The Art of Conversation

I touched on this a bit in Don’t Be A Douchebag, but it seems (after dinner with a recently-single guy friend the other night) that this is something the ladies might need to work on as well.

Conversation has a flow to it.  There has to be a give and take for it to work.

Like volleying in tennis.  I hit the ball to you, you hit the ball back.  I am trying to get you the ball and you are trying  to get it back to me.  It’s a cooperative effort.

With online dating, where a lot of men fall down is in the return volley, so to speak.

We’re exchanging e-mails, I ask what he likes to do, he gives me two paragraphs about his hobbies, and that’s it.

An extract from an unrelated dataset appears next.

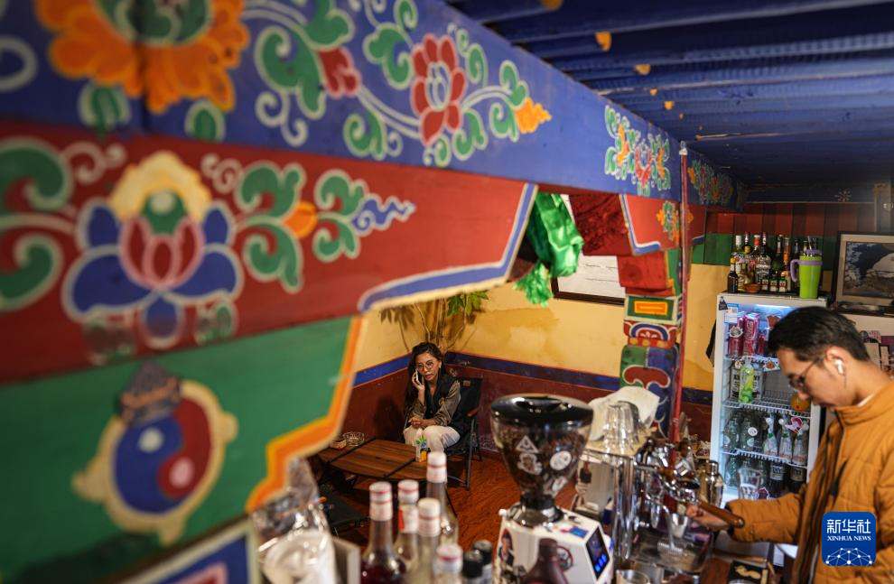 位于八廓南街的貢桑孜大院,擁有百年歷史的藏式樓房,如今煥發(fā)出新的生機(jī)。走進(jìn)大院,一樓的西北角,一間藏式裝修風(fēng)格的咖啡館內(nèi),顧客穿梭其中,咖啡香氣四溢,讓這座古老的大院充滿活力。

When that happens it puts all the burden of continuing the conversation on me.  And, if he’s not all that interesting, I generally choose not to bother.

What should a guy (or a gal) do?

Ask a follow-up question.

“I like to do macrame.  What about you?  What do you like to do?”  Or  “I like to do macrame.  Have you ever done it?”  Or “I like to do macrame.  That’s kind of an odd hobby, isn’t it?”

Say something that requires the other person to respond.

This even works if you’re not a big talker.

They ask what your hobbies are, you answer, and then you let them babble for a while.

“What are your hobbies?”

“Reading, mostly.  You?”

“Well, on Mondays I like to go to the gym, and on Tuesdays…”

Off they go and you’re having a conversation.

Otherwise?

It looks like this:

“What are your hobbies?”

“Reading, mostly.”

“Oh.”

Both stare awkwardly into their coffee cups.

“So, uh, what do you read?”

“Thrillers.”

“Oh.  Cool.”

Both once again stare awkwardly into their coffee cups.

The other nice thing about asking a question is that it triggers most people’s instinct towards politeness.

So, a girl who might not respond to your message if there’s no reason to do so, will respond if you ask her a direct question.  (Even if she’s not all that interested.)  Because it’s rude not to respond to a question.  Right?

And every response you get means one more chance to impress her and one more chance to succeed at this whole dating thing.

So, whether via e-mail or in person, you need to do your part to create that back and forth with someone.

If they don’t hold up their end?  Well, screw ’em.  There are plenty of fish in the sea.  (Because that give and take thing?  There are other areas where that matters A LOT.)